Crossing through time

Directed by Jennifer Brewin, the play is best described as a cross between A Christmas Carol and Dr. Who.

  • Dec. 20, 2016 7:00 p.m.

Jenny Paterson takes on the role of the magician in The Orphan’s Dream at Caravan Farm Theatre.

By Kristin Froneman – Black Press

As Edgar Allen Poe once penned, “All that we see or seem.

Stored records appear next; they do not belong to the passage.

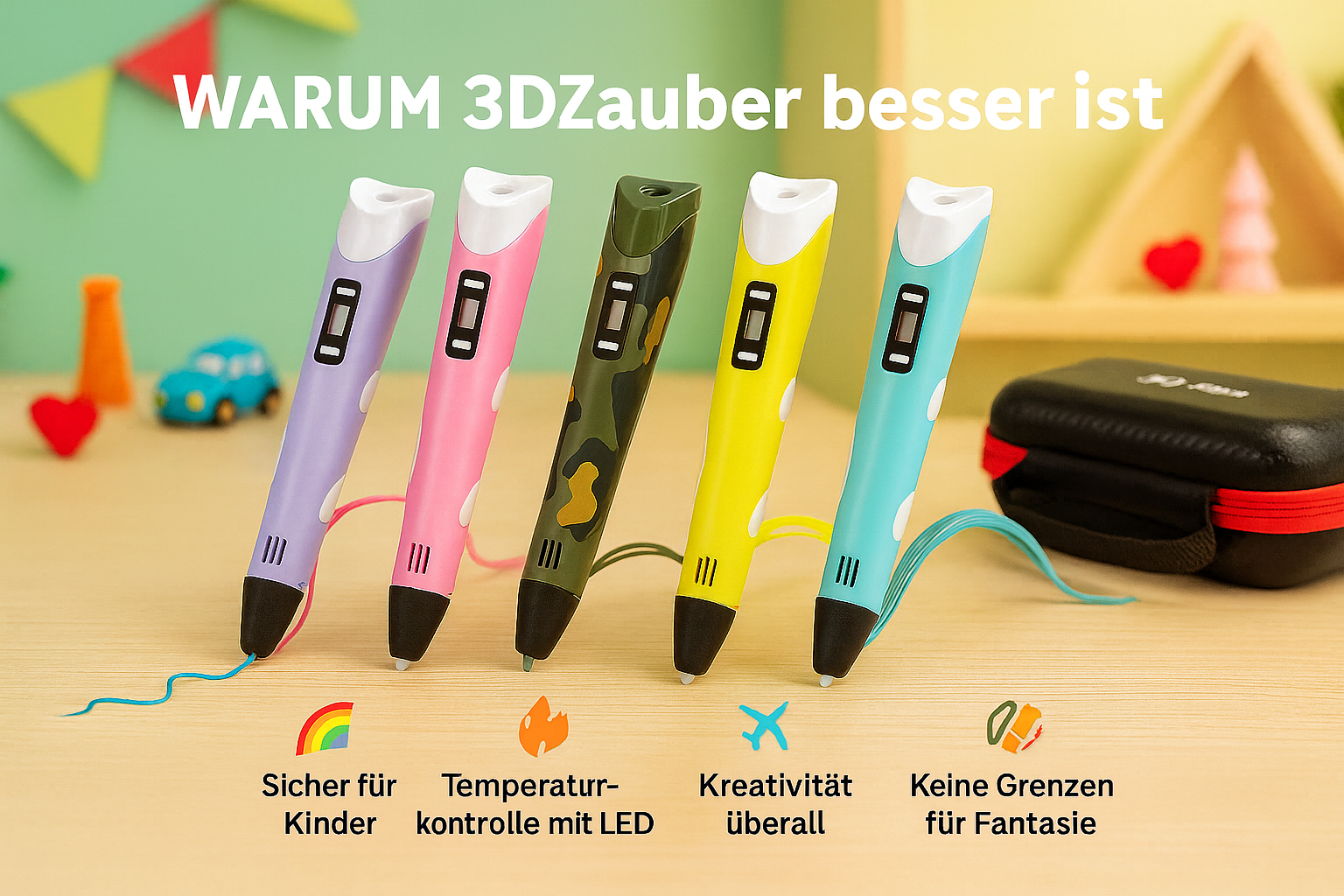 "3Dzauber – wo Ideen Form annehmen" 3D-Stift für Kinder mit PLA-Filamenten & Reiseetui
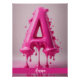 Striking 3D design featuring a glossy pink letter 'A' with a mesmerizing liquid drip effect. Perfect for nursery decor, kids' rooms, or any space needing a pop of pink personality. Customize with any name above the letter for a unique, personalized touch. The high-quality rendering shows beautiful light reflections and dimensional depth in vibrant pink tones against a soft gradient background.
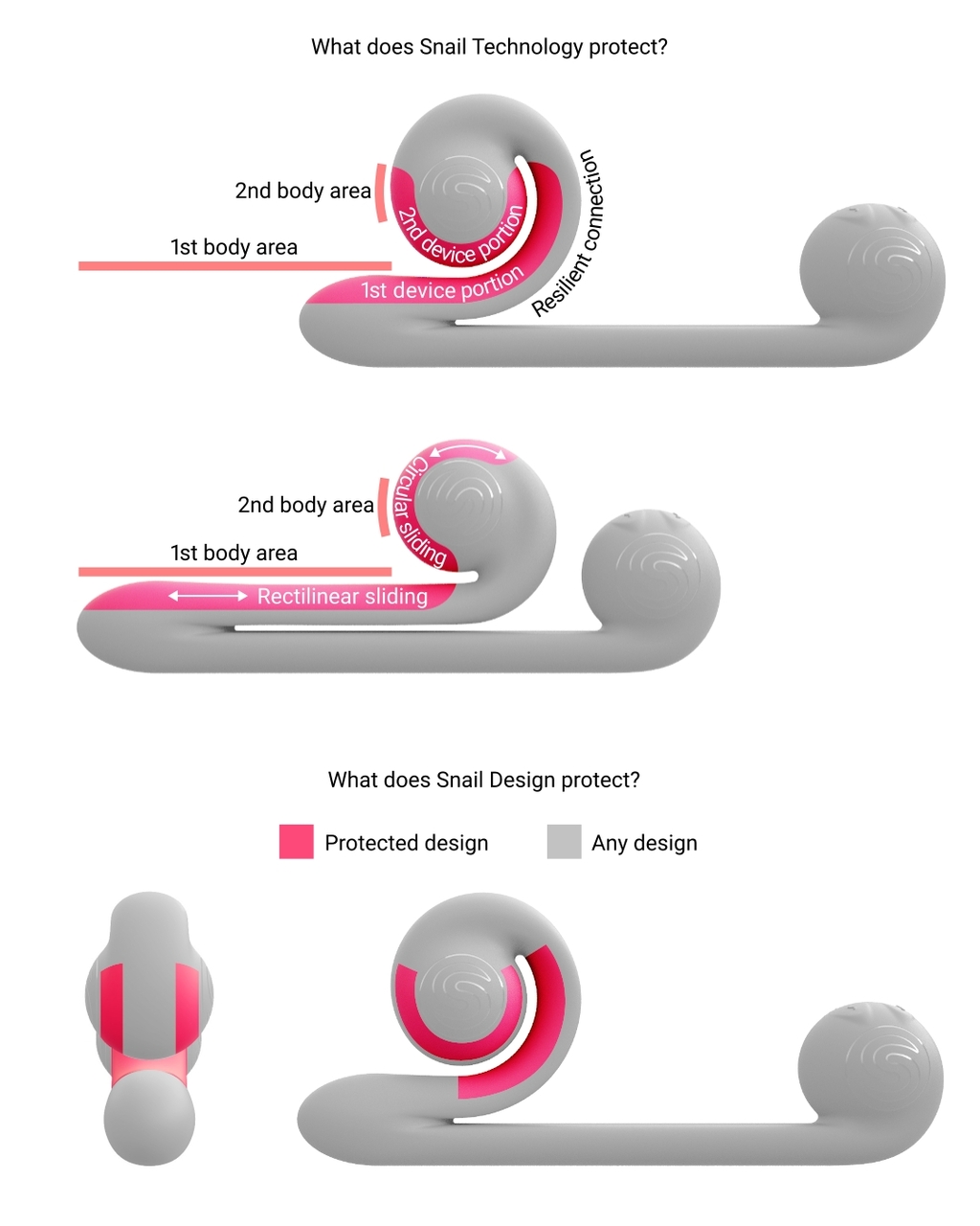 Snail Vibe patents protect both the design in whole or in part, and the technical solution. In general, the Snail Technology is understood as the movement of two smooth or ribbed surfaces of the device relative to two areas of the male or female body. Futhermore, the first surface performs a rotational slide, and the second surface performs a translational slide. And these movements are interconnected by the resilient element, which also provides a return sliding. Dependent patents of third parties, in which the Snail Vibe technology or design is fully or partially used, cannot be used without our permission. Additionally, the appearance is protected by copyright that does not require registration and prohibits full or partial use of the original design.
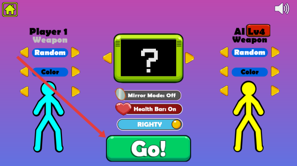 2、在單人對戰(zhàn)設(shè)置頁,選定Player-1武器、顏色等參數(shù),確認(rèn)Mirror-Mode和Health-Bar狀態(tài)后,點擊綠色Go!按鈕,正式進(jìn)入戰(zhàn)斗場景。

Is but a dream within a dream.”

I wonder if Toronto playwright George F. Walker had that in mind when he wrote the script for Caravan Farm Theatre’s new winter production, The Orphan’s Dream?

The play is certainly “dreamscapy,” as Caravan’s interim artistic director Estelle Shook described to me before my co-worker and I travelled to the wilds of Spallumcheen on the moon-lit, and frigid, opening night Wednesday.

Directed by Jennifer Brewin, who has also delighted Caravan fans with her return to the farm, the play is best described as a cross between A Christmas Carol and Dr. Who.

Except, instead of a blue Tardis phone booth, we are transported through the time and space continuum via horse-drawn sleighs.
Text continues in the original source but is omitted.